- **WHAT IS BEING ASKED**:
The material below includes pictures; leave them out and return only the lines between the line containing "střih na dlouhý" and the line containing "Для пошива бежевого", inclusive, word for word.

- **DATA EXTRACTS**:
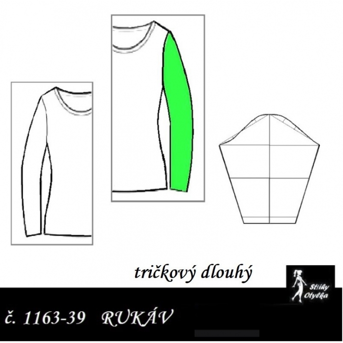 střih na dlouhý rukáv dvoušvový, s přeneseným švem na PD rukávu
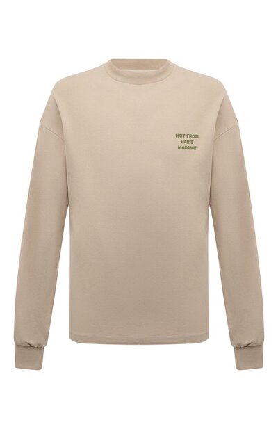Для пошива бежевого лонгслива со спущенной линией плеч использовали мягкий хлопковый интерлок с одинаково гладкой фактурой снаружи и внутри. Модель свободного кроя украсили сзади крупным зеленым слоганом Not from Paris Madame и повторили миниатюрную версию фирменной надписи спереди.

---

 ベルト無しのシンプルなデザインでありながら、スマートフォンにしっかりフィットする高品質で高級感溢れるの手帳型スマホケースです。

- **THE ANSWER**:
 střih na dlouhý rukáv dvoušvový, s přeneseným švem na PD rukávu
Для пошива бежевого лонгслива со спущенной линией плеч использовали мягкий хлопковый интерлок с одинаково гладкой фактурой снаружи и внутри. Модель свободного кроя украсили сзади крупным зеленым слоганом Not from Paris Madame и повторили миниатюрную версию фирменной надписи спереди.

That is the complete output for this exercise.